The Medieval Studies Seminar (SEM) – 2026 edition, dedicated in its first semester to the theme “Women in a Monastic Context in the Middle Ages”, continues on April 9 (Thursday), at 4:00 pm, with its third session, in webinar format.
The session will feature Luís Rêpas (Centre for the History of Society and Culture, University of Coimbra), who will present a paper entitled “Women in Religion: Literary Representations in the 13th and 14th Centuries.”
Abstract
This presentation explores the various ways in which female presence in religious contexts is represented in medieval Iberian literature, with particular emphasis on the Galician-Portuguese tradition. By focussing on both sacred and secular troubadour lyric, it highlights the ambivalent roles attributed to women: at times they appear as models of virtue and devotion, especially when associated with monastic institutions or sanctity; at others, they emerge as figures of desire or symbolic mediation in the poetry of courtly love, thus revealing tensions between the spiritual and the worldly spheres.
The analysis also draws on documentary, chronistic and genealogical sources, particularly the Portuguese books of lineages of the thirteenth and fourteenth centuries. Taken together, these materials reveal a complex female imagery in which devotion, virtue and social presence are closely intertwined, while coexisting with narratives concerning a lack of religious vocation or accounts of transgressive sexual behaviour. Such sources therefore offer a range of perspectives on the representation of women within the religious sphere of the medieval world.
About the Speaker
Luís Rêpas holds an MA and a PhD in Medieval History from the University of Coimbra (2000 and 2021) and is a full researcher at the CHSC (UC) and a collaborating member of the IEM (NOVA FCSH). He specialises in Portuguese medievalism, focussing on religious, social and cultural history, particularly monasticism, nobility and women’s history.

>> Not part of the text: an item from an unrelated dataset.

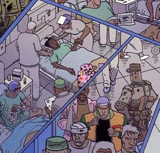Les bornes médicales Optican en libre-service permettent aux civils de soigner rapidement les blessures bénignes.[13] Le port de lunettes reste courant même si la plupart des problèmes de vue peuvent être résolus médicalement,[92] probablement grâce aux fonctions d'affichage intégrées aux lunettes.[93]

His Master’s dissertation, Quando a Nobreza Traja de Branco: A Comunidade Cisterciense de Arouca durante o abadessado de D. Luca Rodrigues (1286-1299), was published in 2003, and in 2021 he completed his doctoral thesis, which was awarded the A. de Almeida Fernandes Prize (for Portuguese Medieval History). Among his other publications are several articles and book chapters on Cistercian nunneries and their communities, on liturgical manuscripts from Cistercian houses, and on palaeography, diplomatics and sigillography. He undertook his postdoctoral research within the framework of the project Books, rituals and space in a Cistercian nunnery: living, praying and reading in Lorvão (13th-16th centuries), funded by the FCT.
Currently, he is Assistant Professor at the University of Coimbra.